Keep the wording of the records intact as you retype them, and omit every image.

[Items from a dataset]
+++++
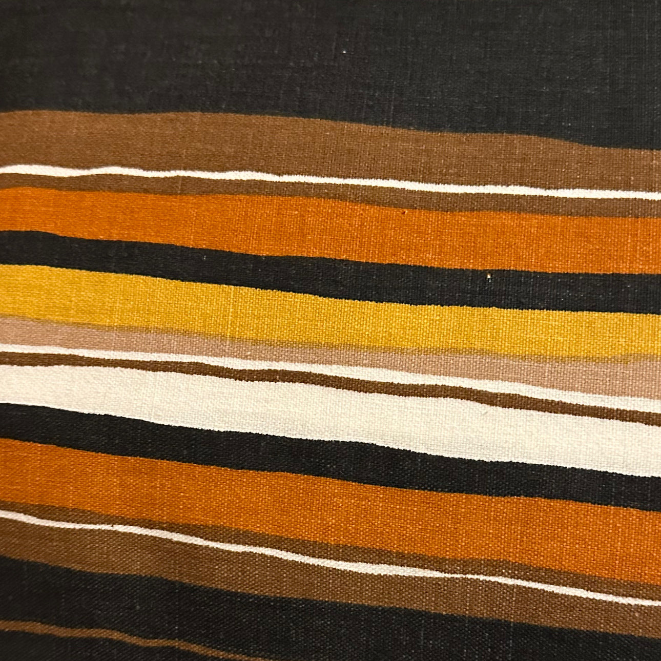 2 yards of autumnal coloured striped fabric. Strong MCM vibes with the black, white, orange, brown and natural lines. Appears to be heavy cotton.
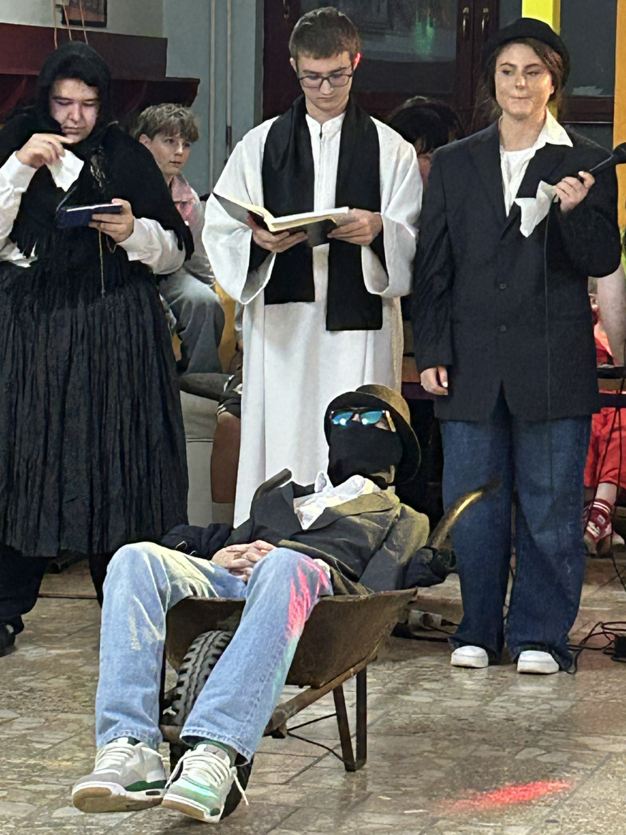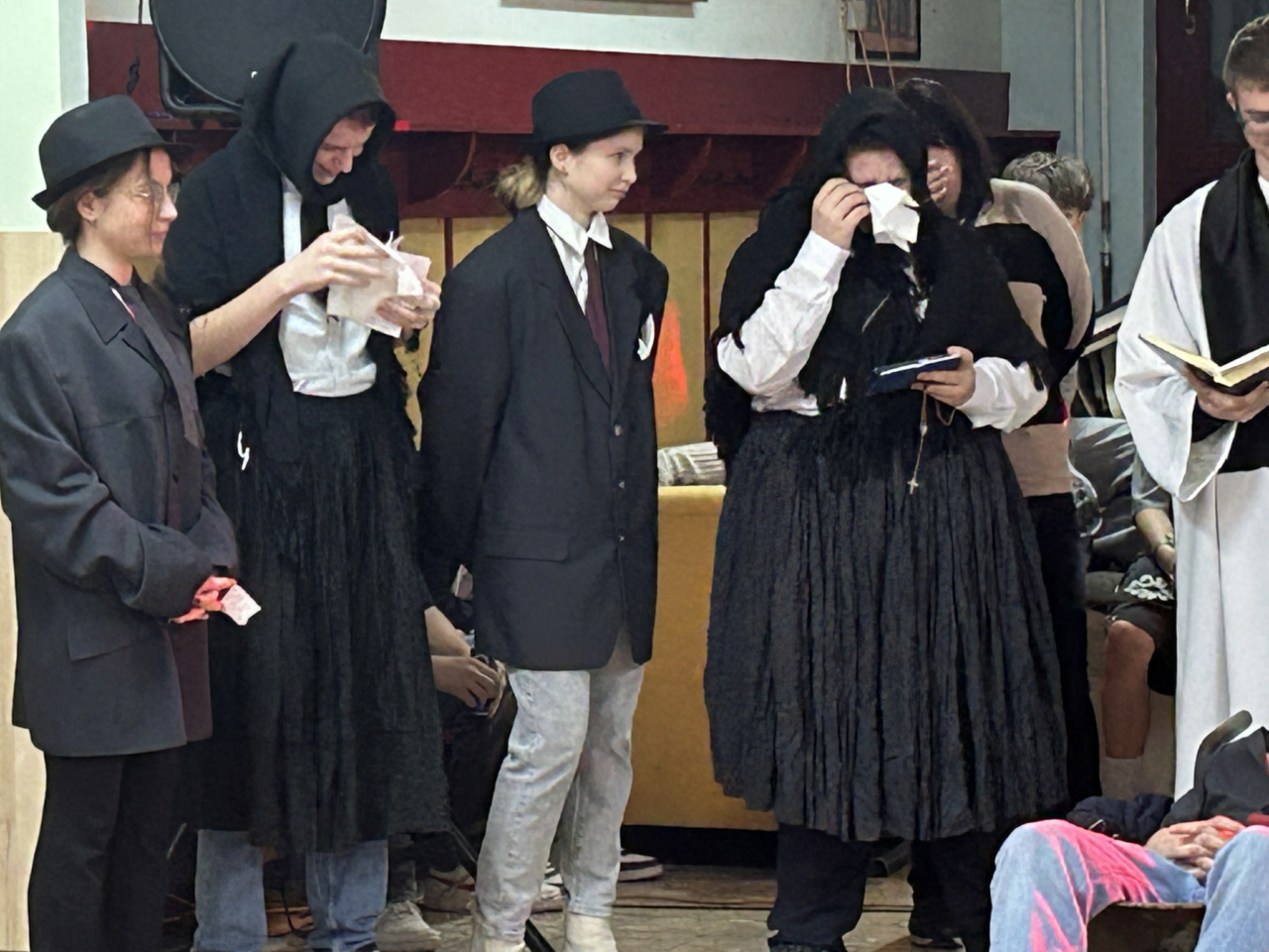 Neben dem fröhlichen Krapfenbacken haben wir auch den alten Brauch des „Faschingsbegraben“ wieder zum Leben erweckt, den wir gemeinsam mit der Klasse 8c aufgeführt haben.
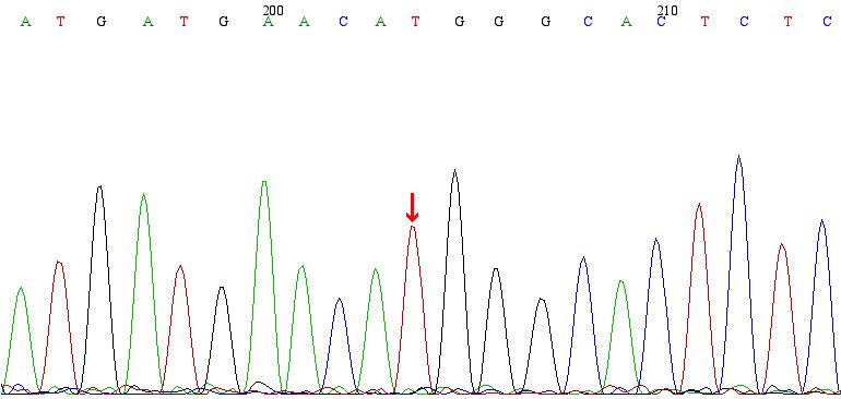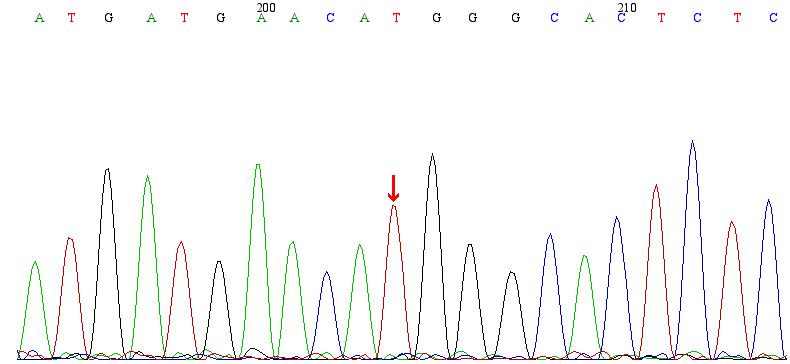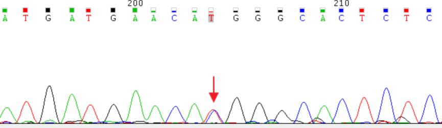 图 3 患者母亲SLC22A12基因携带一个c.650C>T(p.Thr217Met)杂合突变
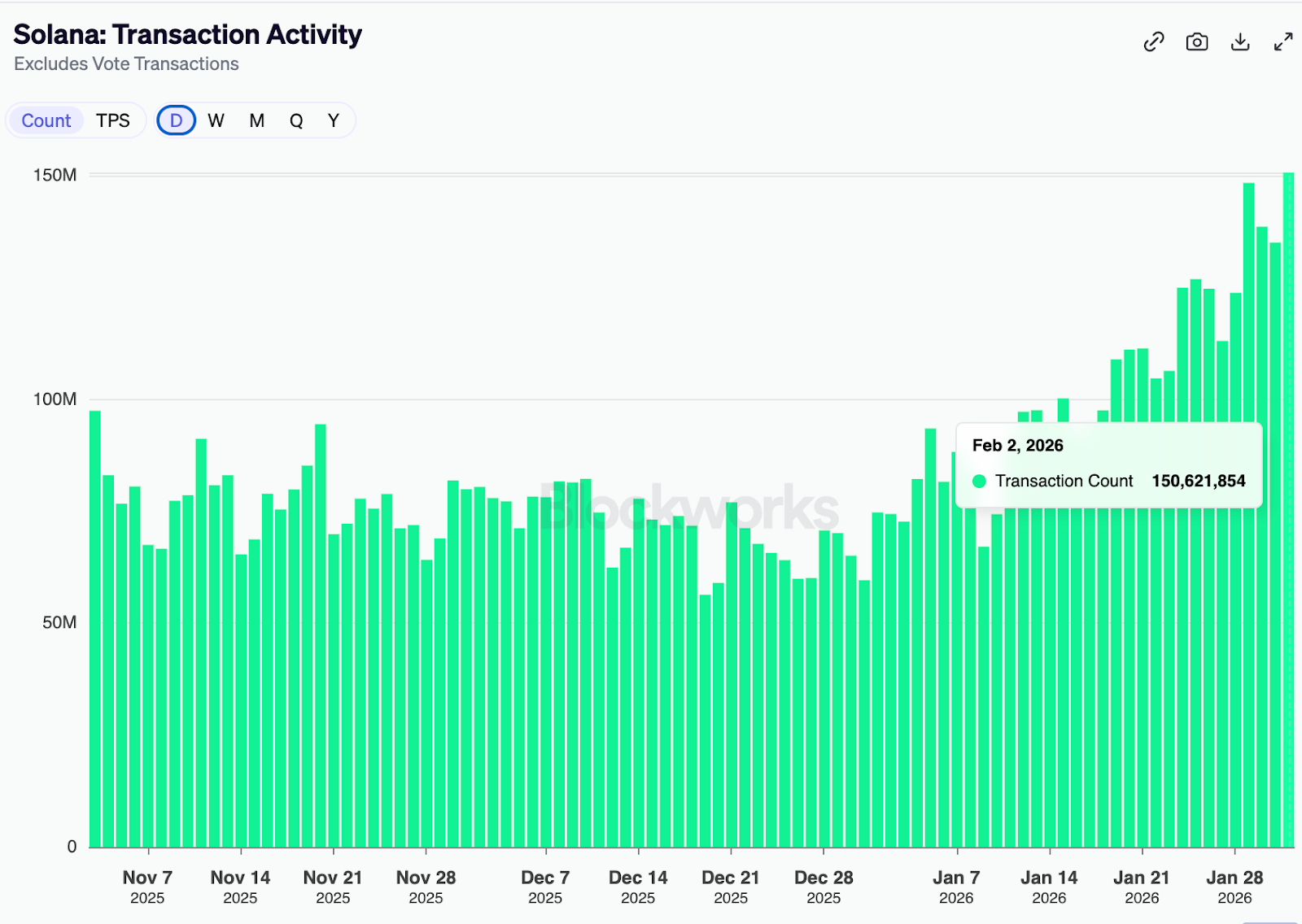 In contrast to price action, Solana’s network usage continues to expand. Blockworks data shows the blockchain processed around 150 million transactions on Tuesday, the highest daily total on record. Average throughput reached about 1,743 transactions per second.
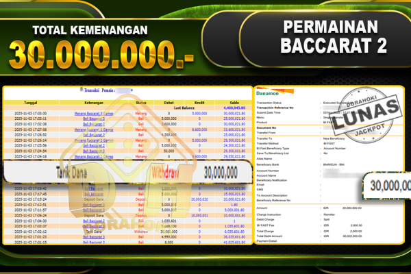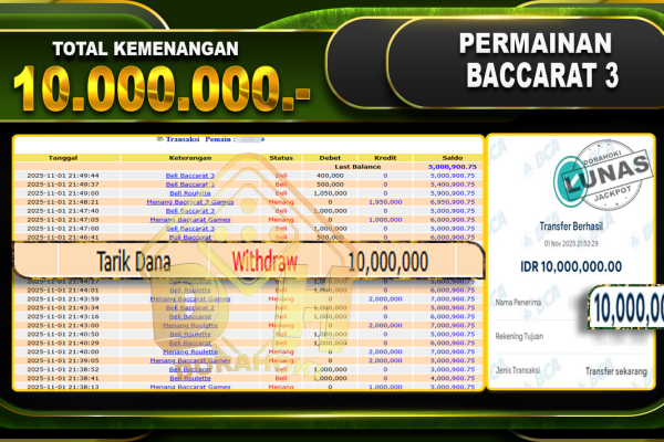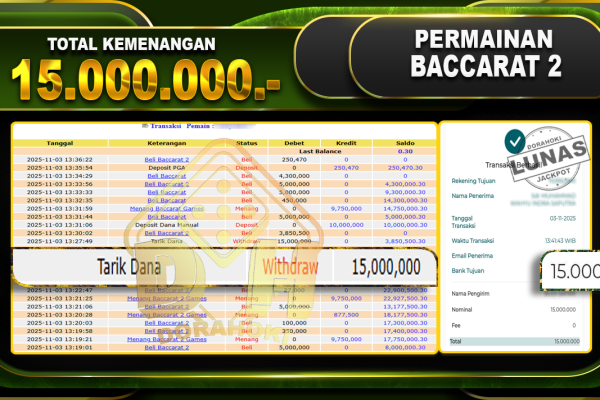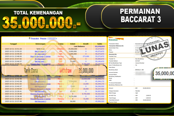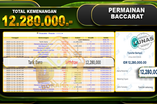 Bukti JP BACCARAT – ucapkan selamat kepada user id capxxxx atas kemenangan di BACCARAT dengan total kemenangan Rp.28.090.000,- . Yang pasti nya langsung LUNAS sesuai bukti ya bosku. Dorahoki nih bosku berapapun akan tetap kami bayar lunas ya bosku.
+++++
### Result for this task
 2 yards of autumnal coloured striped fabric. Strong MCM vibes with the black, white, orange, brown and natural lines. Appears to be heavy cotton.
 Neben dem fröhlichen Krapfenbacken haben wir auch den alten Brauch des „Faschingsbegraben“ wieder zum Leben erweckt, den wir gemeinsam mit der Klasse 8c aufgeführt haben.
 图 3 患者母亲SLC22A12基因携带一个c.650C>T(p.Thr217Met)杂合突变
 In contrast to price action, Solana’s network usage continues to expand. Blockworks data shows the blockchain processed around 150 million transactions on Tuesday, the highest daily total on record. Average throughput reached about 1,743 transactions per second.
 Bukti JP BACCARAT – ucapkan selamat kepada user id capxxxx atas kemenangan di BACCARAT dengan total kemenangan Rp.28.090.000,- . Yang pasti nya langsung LUNAS sesuai bukti ya bosku. Dorahoki nih bosku berapapun akan tetap kami bayar lunas ya bosku.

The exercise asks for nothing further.